May 24, 2013

The Stedelijk Museum and de Appel arts centre present “Is This a Good Painting?”, a reading group dedicated to the current exhibition at de Appel: “Bourgeois Leftovers.”

Time
May 24, 2013, 2 pm until 3.45 pm

stedelijk│reading group
1st Reading group as part of the exhibition 'Bourgeois Leftovers'.
Date: May 24, 2013, 4 – 5:45 pm
Location: Stedelijk Museum, gallery space
Reservations: It is necessary to make a reservation. Send an e-mail to reservation@deappel.nl, stating your full name, e-mail address, telephone number, and the date of the program you want to attend.

Text:
Boris Groys, “On the New” in Art Power, Cambridge: MIT Press, 2008.

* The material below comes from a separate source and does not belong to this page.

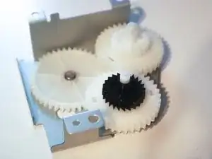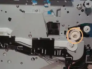 Выкрутите 3 винта, крепящих шестерни двусторонней печати к принтеру, и снимите шестерни.

The title of the reading group is borrowed from Marcel Broodthaers’ “Interview with a Cat,” in which the artist asks his cat to evaluate a painting’s value. Texts by Boris Groys, Susan Sontag, and Donald Barthelme will be introduced in relation to such topics as the status of objects in museum collections, the notion of “contemporaneity,” and ways of establishing value.

“Bourgeois Leftovers” began with an interest in the “leftover” status assigned to a set of historical paintings found at the Van Abbemuseum in October 2012, and its relation to questions of “newness” and the pressure to be contemporary. To revisit this point of departure, this first reading session will draw attention to the questions Boris Groys raises about the museum’s role in distinguishing between old and new, as well as the ways in which current artistic production operates in relation to this distinction and to the legacy of the fine arts.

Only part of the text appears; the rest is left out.